1. A method for the folding and sealing of the longitudinal edge of a material web, which is fed continuously with gradual folding of an edge zone (18), characterized in that the longitudinal edge zone (18) is folded to form a substantially right angle against the main part (17) of the material web (15), that a sealing-promoting agent is thereafter supplied into the right angle between the main part (17) of the material web (15) and the folded edge zone (18), whereafter the folding process is continued by gradual folding until the edge zone (18) has been folded about 180° and that the edge zone is pressed against, and is sealed to, the main part (17) of the material web (15).

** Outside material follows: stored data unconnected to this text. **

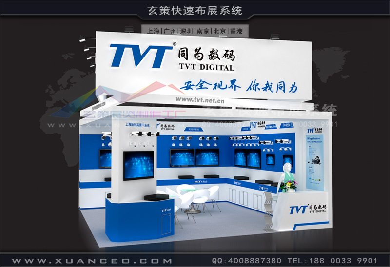 玄策展覽工廠為同為數(shù)碼參加2014年上海安博會提供展臺制作搭建服務(wù)。
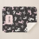 A classy poodle Sherpa blanket this product was created using pink and white poodles on a black background. Customize your name in the pink label. Purchase your blanket today!
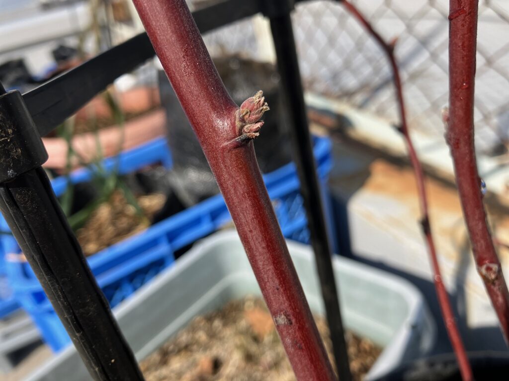 シャインマスカットは新芽が動き出すまでに一度消毒が必要なので、大急ぎでやらないといけなさそうですね…。お陰で毎週末忙しいですが、これも園芸の楽しみです。

2. A method in accordance with claim 1, characterized in that the material web (15) prior to the folding is provided with a crease line (16) guiding the folding.

3. A method in accordance with claim 1 or 2, characterized in that the sealing-promoting agent is glue.

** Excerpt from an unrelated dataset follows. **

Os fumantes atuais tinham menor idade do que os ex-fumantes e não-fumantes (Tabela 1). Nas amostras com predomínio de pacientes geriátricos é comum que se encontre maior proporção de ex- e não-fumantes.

4. A method in accordance with any one of claims 1 or 2 with a material of the type which comprises layers of thermoplastic material, characterized in that the sealing-promoting agent is heat.

5. A method in accordance with claim 4, characterized in that hot air is conducted to the space in the angle between the main part (17) of the material web (15) and the edge zone (18) so that the thermoplastics present there is heated to melting temperature.

6. An arrangement for the folding and sealing of the longitudinal edge of a material web to the main part of the web itself, characterized in that the arrangement includes a first group of rollers for folding the longitudinal edge from 0° to 90° in relation to the main part of the web, a second group of rollers for leading the edge along a means for supplying a seal promoting agent towards the right angle between the main part of the web and the longitudinal edge, and a third group of rollers for folding said edge from 90° to 180°.

7. An arrangement in accordance with claim 6, characterized in that the rollers (3, 4) are arranged in two substantially parallel rows with forming rollers (3) within the first group being arranged in the one row, whilst forming rollers in the third group are arranged in the second row, whereby said supplying means (5) is arranged at the same level as the forming rollers (3) of the second group.

8. An arrangement in accordance with claim 6 or 7, characterized in that said supplying means (5) is a hot air nozzle (6) with a long and narrow outlet opening (7) which extends parallel with the direction of movement of the web (15) and is directed towards the angle between the main part (17) of the material web and the folded edge zone (18).